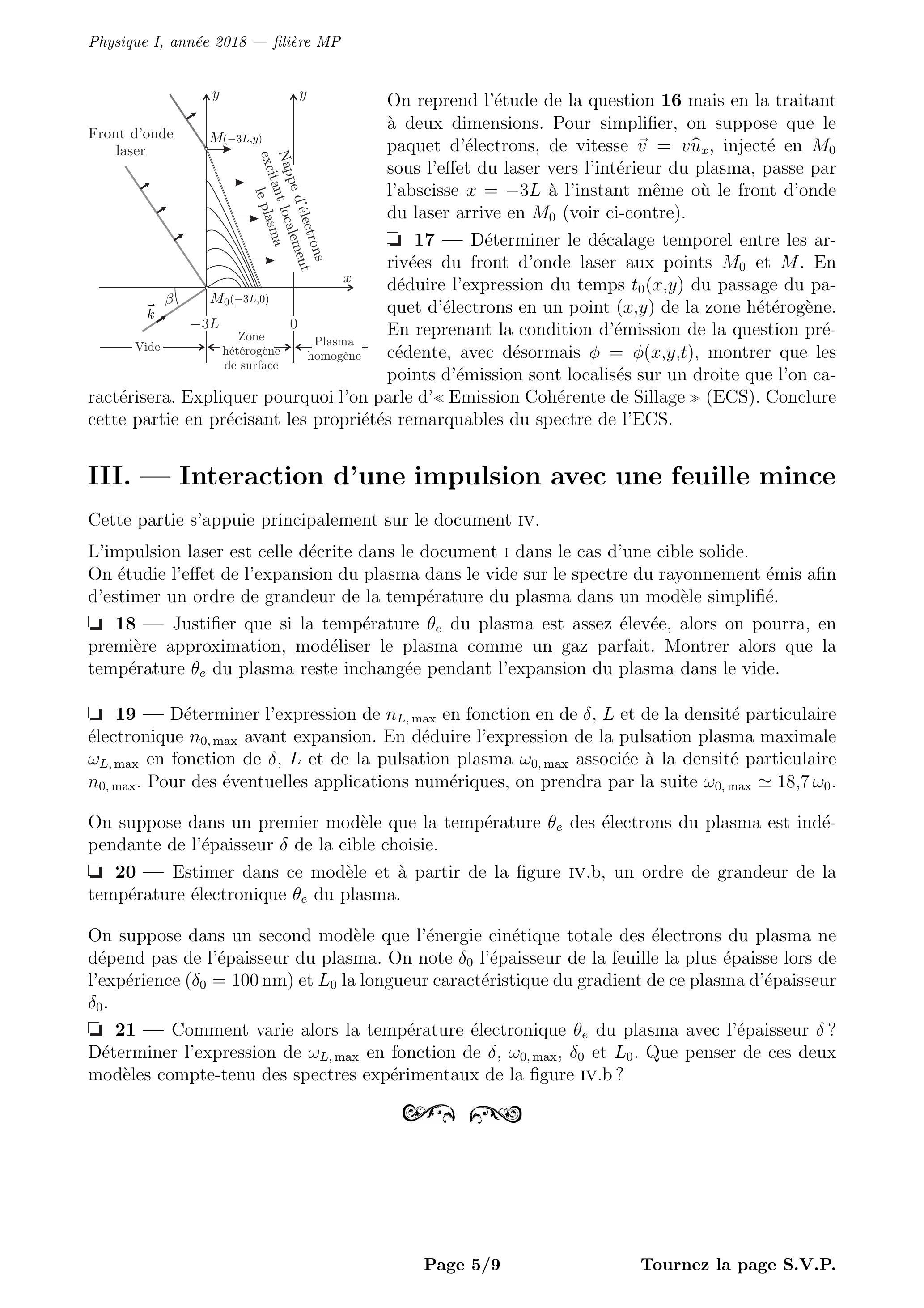 • 17 - Déterminer le décalage temporel entre les arrivées du front d'onde laser aux points et . En déduire l'expression du temps du passage du paquet d'électrons en un point ( ) de la zone hétérogène. En reprenant la condition d'émission de la question précédente, avec désormais , montrer que les points d'émission sont localisés sur un droite que l'on capoints d'émission sont localisés sur un droite que l'on ca-
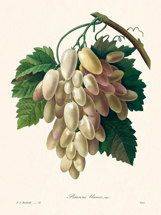 White Grape Botanical Illustration by Pierre-Joseph Redouté, 1827
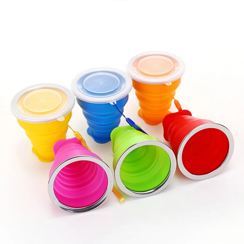 200ML Portable Silicone Retractable Folding Cup with Lid Collapsible Drinking Cup
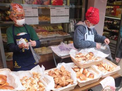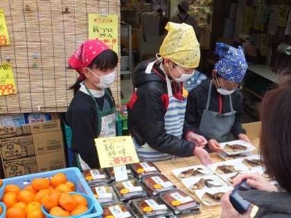 販売体験が始まりました。お店の前を通りかかる方々に,「いらっしゃいませ!」「○○はいかがですか!」と元気よく売り込みをする子ども達。買ってもらった後には,「お買い上げありがとうございました。」とあいさつもしっかりできていました。
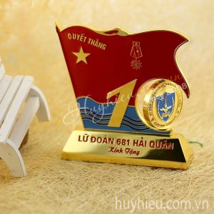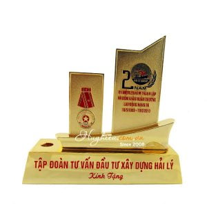 Biểu trưng gỗ đồng để bàn Chất liệu: gỗ, đồng Công nghệ: ăn mòn, dập nổi Mỗi sản phẩm đựng trong 1 hộp xi lót lụa
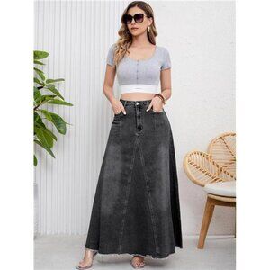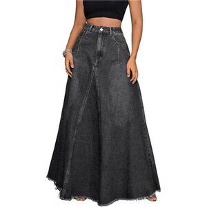Features: Button ang zipper closure, high waist with belt loops, barrel jean skirt, flared a line style, flowy frayed hems, tassels, chic inverted v-shape stitching, two sides slanted pockets and two patchwork back pockets, solid color, full length
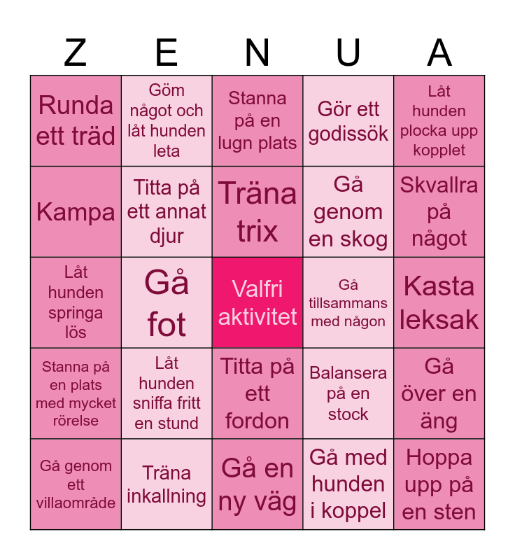 This bingo card has a free space and 24 words: Gå genom ett villaområde, Låt hunden sniffa fritt en stund, Träna trix, Gå med hunden i koppel, Låt hunden plocka upp kopplet, Runda ett träd, Göm något och låt hunden leta, Stanna på en lugn plats, Gå tillsammans med någon, Kasta leksak, Låt hunden springa lös, Titta på ett annat djur, Balansera på en stock, Gå över en äng, Kampa, Träna inkallning, Gå en ny väg, Gör ett godissök, Skvallra på något, Stanna på en plats med mycket rörelse, Gå fot, Titta på ett fordon, Gå genom en skog and Hoppa upp på en sten.
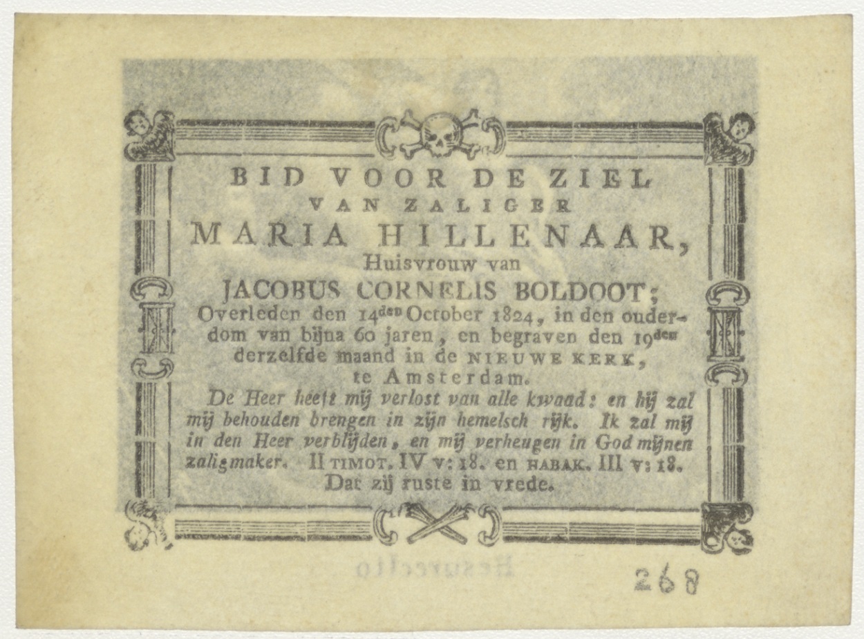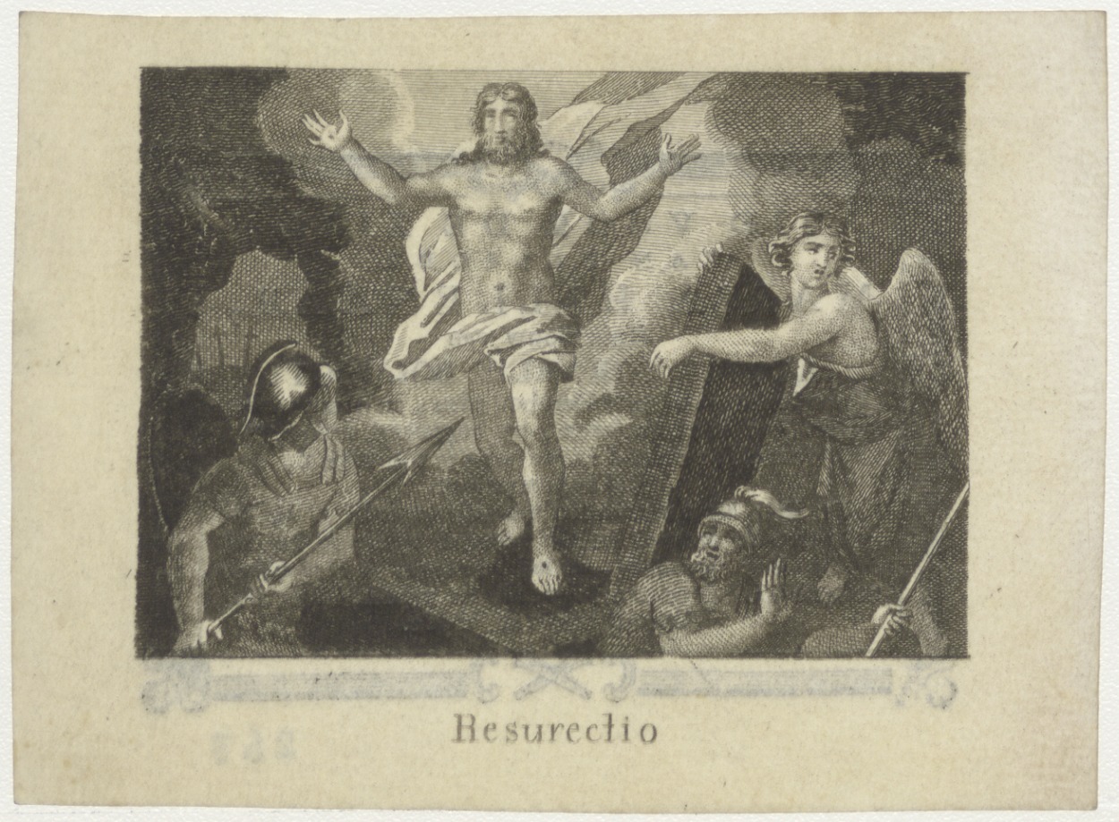 Verrijzenis van Christus, kz. Bid voor ziel Maria Hillenaar (+1824) Amsterdam, huisvrouw van Jacobus Cornelis Boldoot
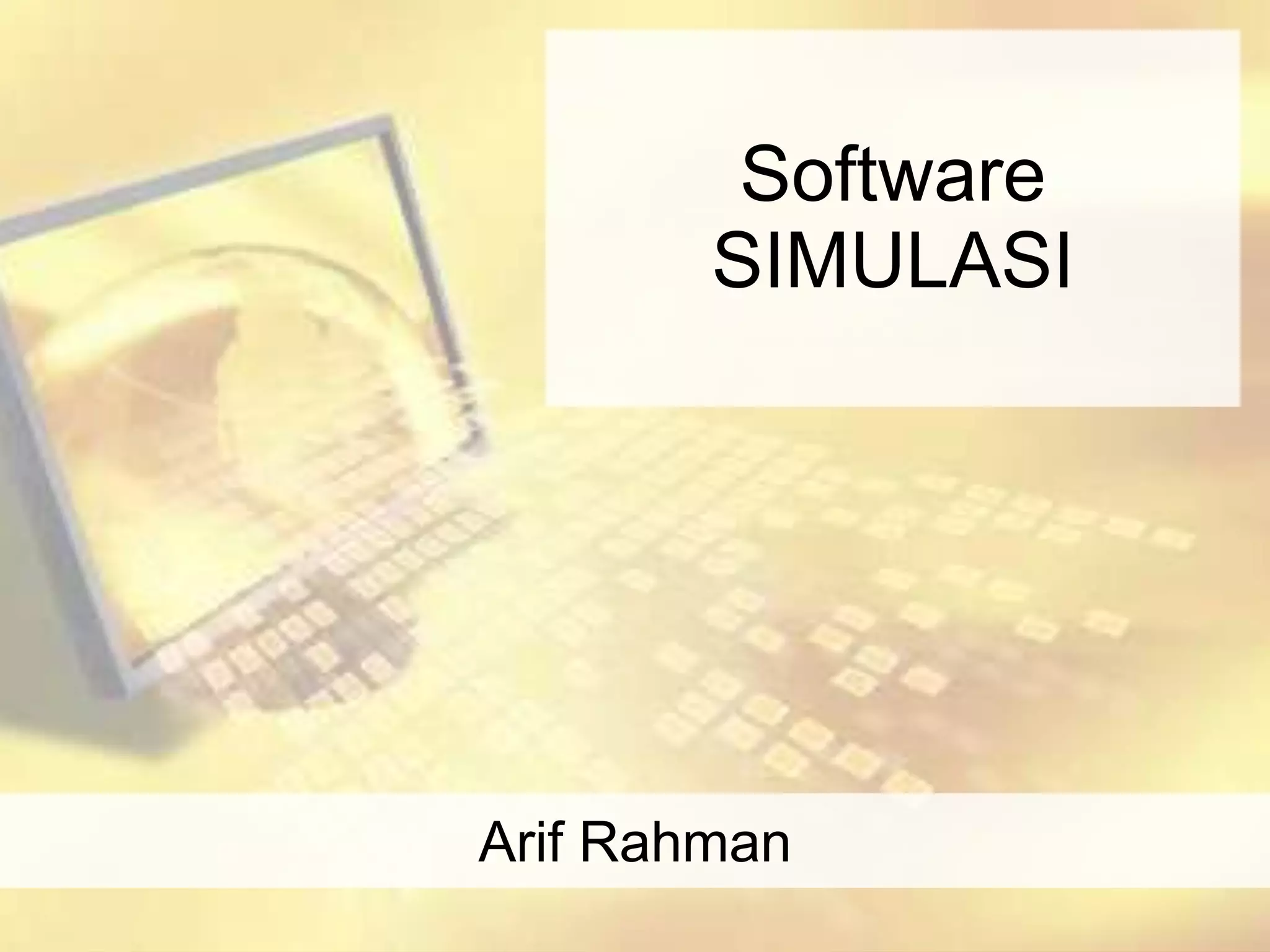 Dokumen ini menjelaskan langkah-langkah dalam memilih software simulasi, termasuk analisis sistem dan keputusan. Kriteria pemilihan software meliputi fitur umum, kapabilitas statistik, layanan pengguna, dan laporan output. Berbagai jenis software simulasi dan pertanyaan yang perlu dipertimbangkan saat pemilihan juga diuraikan.

——

TASK GOAL: Starting at the line that contains "This bingo card", write out every line through the final line of the entries, word for word; skip any pictures.

RESPONSE BOX:
 This bingo card has a free space and 24 words: Gå genom ett villaområde, Låt hunden sniffa fritt en stund, Träna trix, Gå med hunden i koppel, Låt hunden plocka upp kopplet, Runda ett träd, Göm något och låt hunden leta, Stanna på en lugn plats, Gå tillsammans med någon, Kasta leksak, Låt hunden springa lös, Titta på ett annat djur, Balansera på en stock, Gå över en äng, Kampa, Träna inkallning, Gå en ny väg, Gör ett godissök, Skvallra på något, Stanna på en plats med mycket rörelse, Gå fot, Titta på ett fordon, Gå genom en skog and Hoppa upp på en sten.
 Verrijzenis van Christus, kz. Bid voor ziel Maria Hillenaar (+1824) Amsterdam, huisvrouw van Jacobus Cornelis Boldoot
 Dokumen ini menjelaskan langkah-langkah dalam memilih software simulasi, termasuk analisis sistem dan keputusan. Kriteria pemilihan software meliputi fitur umum, kapabilitas statistik, layanan pengguna, dan laporan output. Berbagai jenis software simulasi dan pertanyaan yang perlu dipertimbangkan saat pemilihan juga diuraikan.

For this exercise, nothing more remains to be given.